Karolina Gilas
¿Quién decide qué es democrático?
Consideremos el caso de Hungría bajo Viktor Orbán. Desde que llegó al poder en 2010, Orbán ha debilitado sistemáticamente las instituciones independientes, restringido las libertades de prensa y reescrito las leyes electorales para favorecer a su partido.En su provocador artículo “¿Quién decide qué es democrático?”, el politólogo Adam Przeworski aborda a una pregunta fundamental, urgente y difícil de contestar: ¿qué exactamente estamos defendiendo cuando defendemos la democracia?
En nuestra época polarizada las voces de los dos lados del debate público reivindican para sí y sostienen que defienden a la democracia. En México, en el debate sobre los límites a la sobrerrepresentación en la integración de la Cámara de Diputados, una parte de la escena política sostiene que no hay nada más democrático que una mayoría abrumadora respaldada en el voto popular, mientras que la otra insiste en la necesidad de contar con límites al poder y una representación equilibrada.
En los debates, por ejemplo, sobre los alcances de la incidencia del Poder Judicial en la revisión de las decisiones políticas (legislativas), se discute qué es más democrático: ¿respetar plenamente la decisión de los representantes electos por el voto popular o permitir que un órgano técnico (y político a la vez) establezca, en nombre de los principios y valores, algunos límites a estas decisiones?

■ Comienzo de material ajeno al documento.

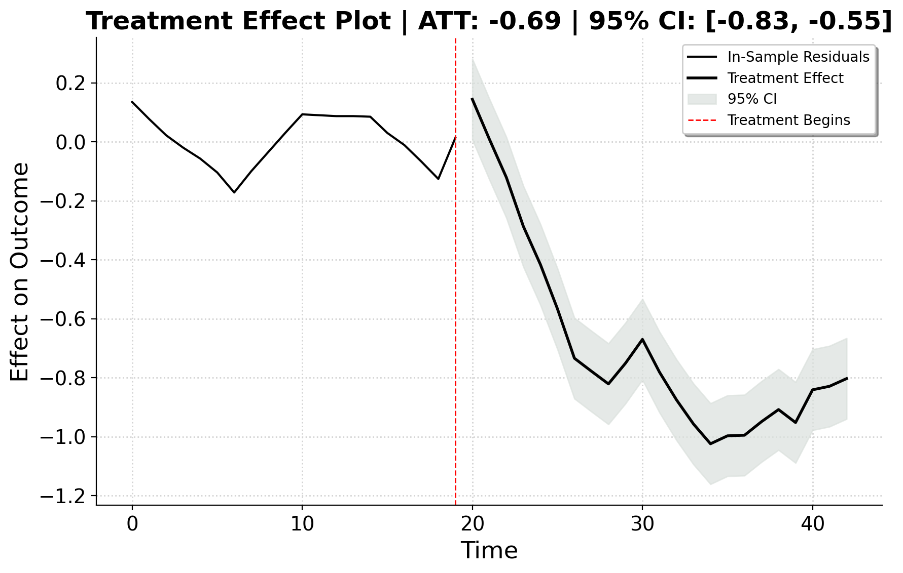 Post-treatment treatment effects: difference after treatment: \[ \hat{\tau}_{1t} = y_{1t} - \hat{y}_{1t}, \quad t \in \mathcal{T}_2 \]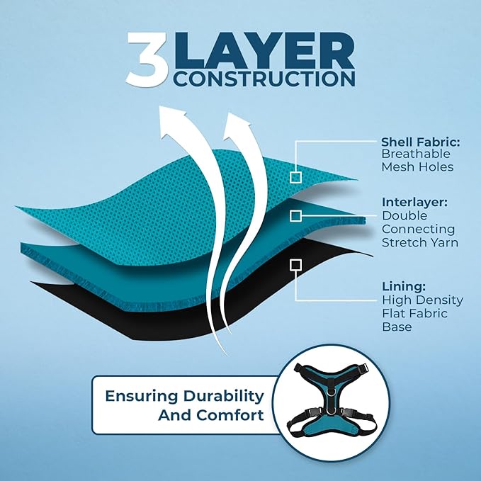 • ALL WEATHER AIR MESH: Made a soft, breathable air mesh, this fully adjustable and lightweight pet harness is perfect for walks all year round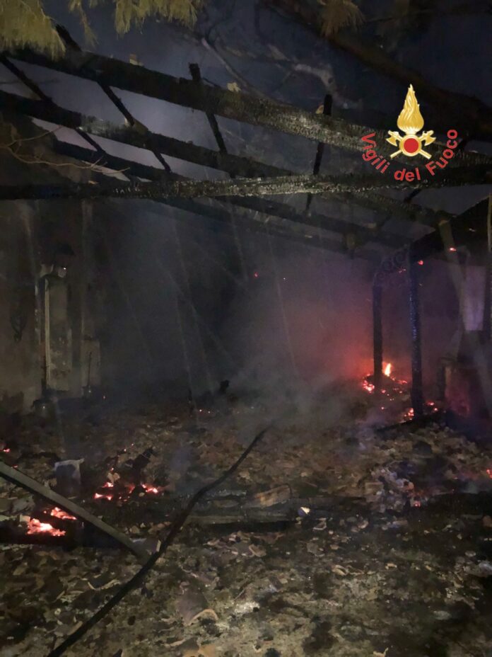 Presenti sul luogo dell’incendio anche i Carabinieri, impegnati negli adempimenti di competenza e negli accertamenti del caso. Non si segnalano feriti.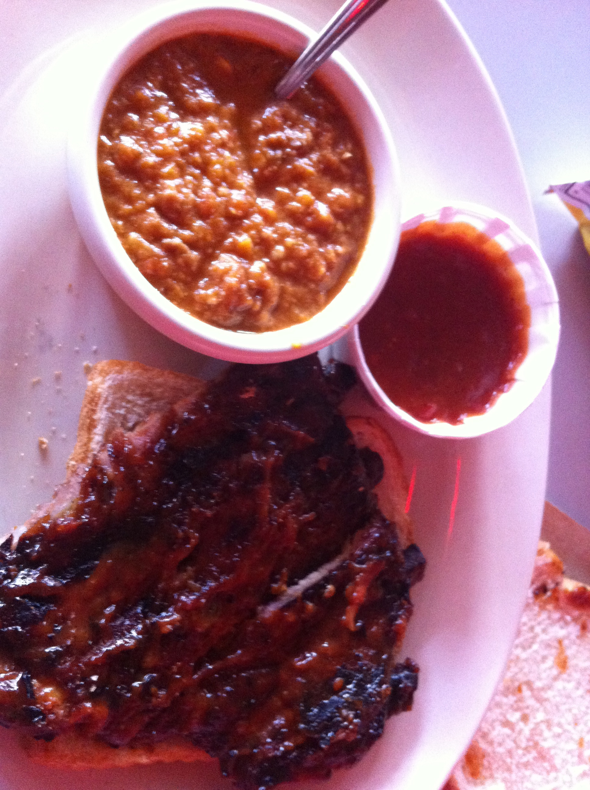 ” I like to eat the ribs without sauce and dip the bread in the sauce.” Amen. Good BBQ doesn’t need sauce, but plain white bread sure does.

En el corazón del análisis de Przeworski está la distinción entre definiciones minimalistas y maximalistas de democracia. La visión minimalista, que Przeworski favorece, define la democracia únicamente como un sistema donde los ciudadanos pueden elegir y remover libremente a los gobiernos mediante elecciones. Esta concepción valora la democracia intrínsecamente, por la capacidad misma que otorga a los ciudadanos para determinar quién los gobierna sin derramar la sangre.
En contraste, las visiones maximalistas ven la democracia como un medio para realizar ciertos valores extrínsecos, ya sea justicia, igualdad, participación o cualquier otro ideal. Aquí la exigencia es más alta: las elecciones deben ser no sólo libres y competidas, pero también equitativas; los derechos no sólo son reconocidos legalmente, pero ejercidos efectivamente por las personas.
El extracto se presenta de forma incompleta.